Шарль взял фиалки и, освежая над ними глаза, красные от слез, нежно вдыхал их аромат. Она с живостью отняла у него букет, чтобы поставить его в стакан с водою.

На следующий день приехала старуха Бовари. Мать и сын долго плакали. Эмма под предлогом распоряжений по хозяйству исчезла.

Через день нужно было подумать о трауре. Обе уселись с рабочими ящиками под речкой, в беседке.

Шарль вспоминал отца и удивлялся, что находит в себе столько нежной привязанности к человеку, которого он до сих пор, казалось, так мало любил.

Старуха Бовари обращалась мыслью к своей супружеской жизни. Худшие дни их прошлого казались ей теперь завидными. Все затушевывалось безотчетною жалостью, плодом долголетней привычки; и время от времени, между тем как она проталкивала иголку, крупная слеза скатывалась из ее глаз и, повиснув, дрожала на кончике носа.

Эмма думала о том, что не прошло еще и двух суток с той поры, как она и он были вместе, вдали от света, опьяненные страстью, и не могли налюбоваться друг другом. Она старалась оживить в памяти мельчайшие подробности этого пронесшегося дня. Присутствие свекрови и мужа ее стесняло. Ей хотелось ничего не слышать, ничего не видеть, ничем не нарушать своей любовной сосредоточенности, которая, как она ни охраняла ее, рассеивалась от прикосновений внешнего мира.

Она распарывала подкладку платья, и обрезки сыпались вокруг нее наземь; старуха Бовари, не поднимая головы, скрипела ножницами; Шарль, в мягких туфлях, в старом коричневом сюртуке, заменявшем ему халат, слонялся тут же, засунув руки в карманы, и тоже молчал; возле них Берта, в белом передничке, сгребала на дорожке лопаткой песок.

Вдруг в калитке появился галантерейный торговец Лере.

Он пришел предложить свои услуги «по случаю горестного события». Эмма ответила, что думает обойтись без покупок. Торговец не отступал.

— Прошу извинения, — сказал он, — я хотел бы поговорить наедине. — И шепотом прибавил: — По поводу того дела… знаете?

Шарль густо покраснел до ушей.

— Ах да… действительно! — Смущенный, он обратился к жене: — Не можешь ли ты… дорогая?..

Она, по-видимому, поняла, так как медленно встала, а Шарль сказал матери:

— Пустяки! Какие-нибудь мелочи по хозяйству.

Он не хотел, чтобы мать знала про вексель, боясь услышать выговор.

Лере, как только они оказались вдвоем, в достаточно определенных выражениях поздравил Эмму с получением наследства, потом стал болтать о том о сем, о фруктовых деревьях, об урожае, о собственном здоровье, которое по-прежнему сильно прихрамывало. Ведь и то сказать, он бьется как рыба об лед, утомляется — и все же, вопреки всем толкам, едва сводит концы с концами.

Эмма не прерывала его. Она так ужасно скучала два последних дня!

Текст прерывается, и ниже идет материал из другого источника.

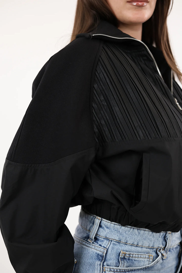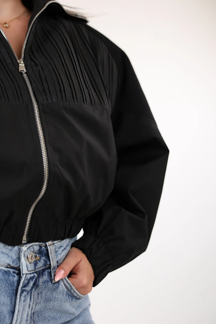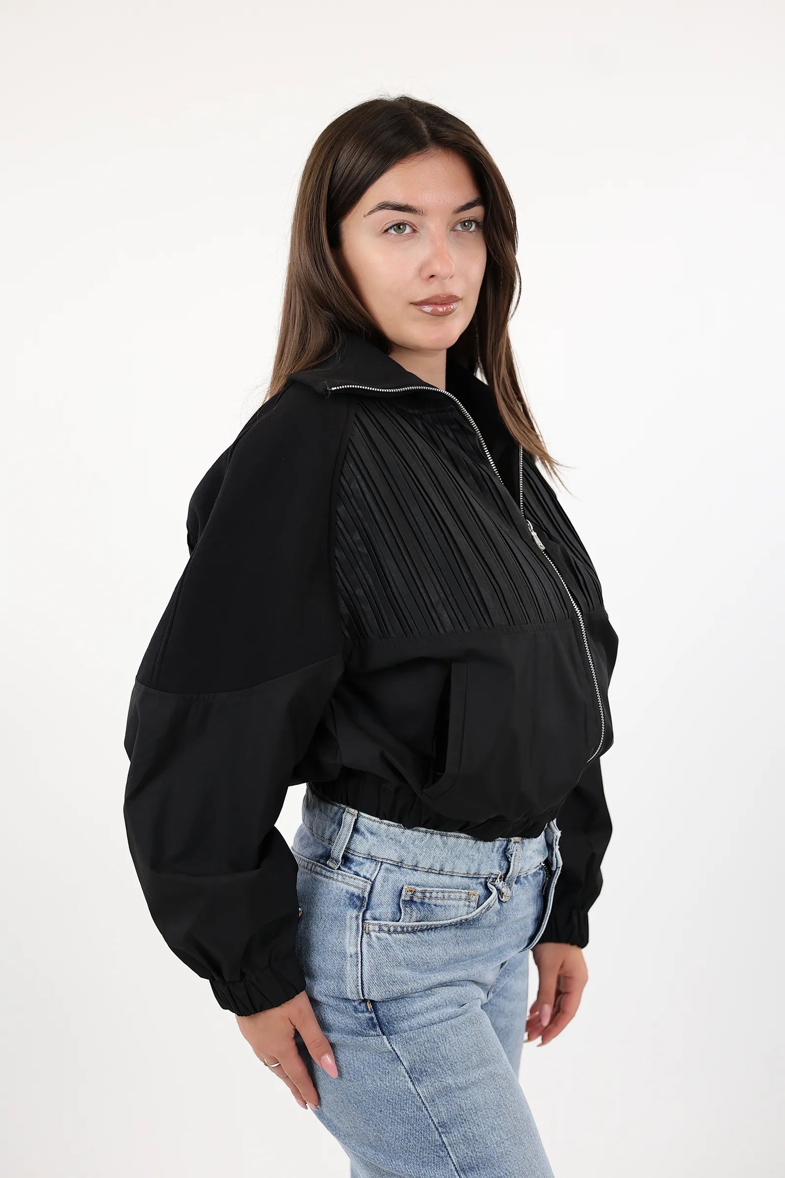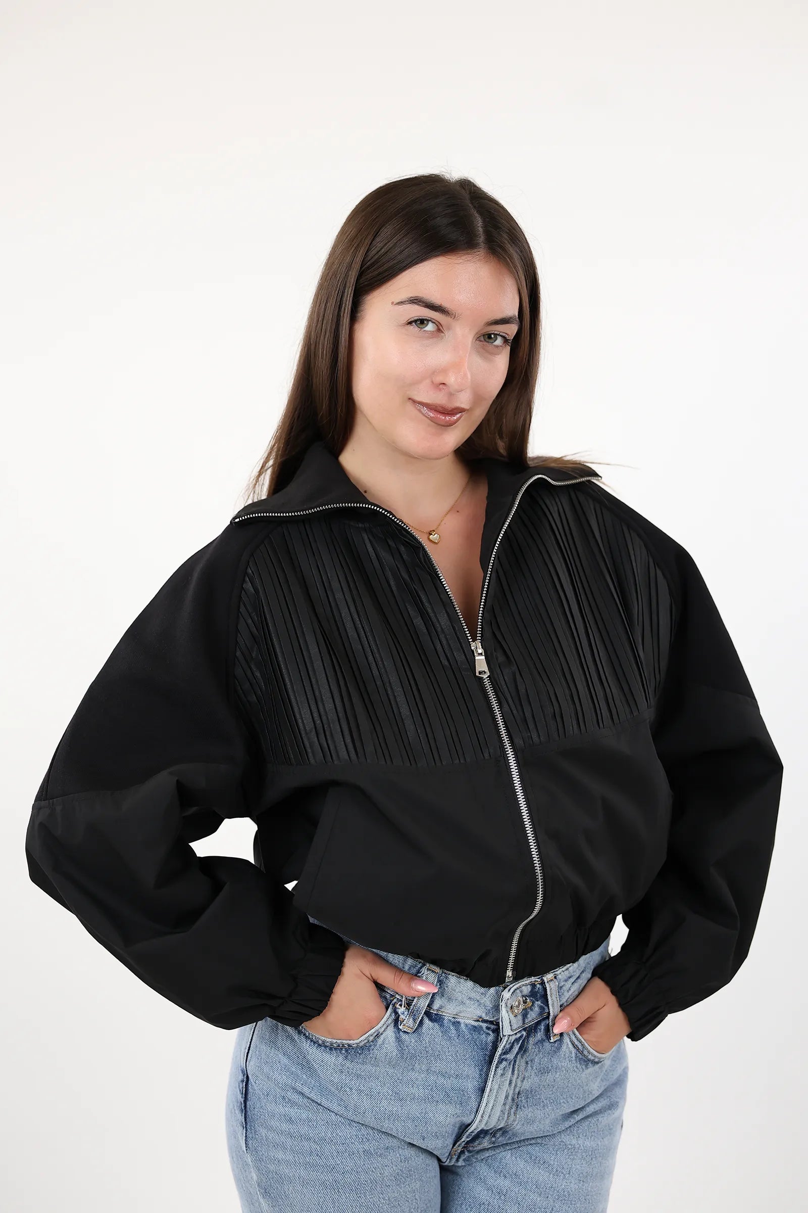 Mantil elegant per femra me zip perpara, dizajn modern dhe funksional per stilin tuaj te perditshem.

— А вы совсем поправились? — продолжал он. — Я видывал, как нелегко приходилось вашему мужу в иные минуты. Славный он человек, хотя у нас и бывали с ним кое-какие недоразумения.

Она спросила: «Какие же?» — так как Шарль скрыл от нее спор из-за поставленных товаров.

— Да вы же все это знаете! — сказал Лере. — Это вышло из-за ваших маленьких фантазий — из-за тех чемоданов.

Он надвинул на глаза шляпу и, заложа руки за спину, улыбаясь и посвистывая, глядел на нее в упор — невыносимо! Подозревает ли он что-нибудь? Она терялась в пугающих догадках. Наконец он промолвил:

— Впрочем, все же мы кое-как поладили, а сегодня как раз я хотел условиться с ним об одной сделке.

Он предлагал переписать вексель, выданный ему Бовари. Впрочем, пусть доктор поступит как ему заблагорассудится, не стоит из-за этого тревожиться, особенно теперь, когда ему предстоит столько хлопот.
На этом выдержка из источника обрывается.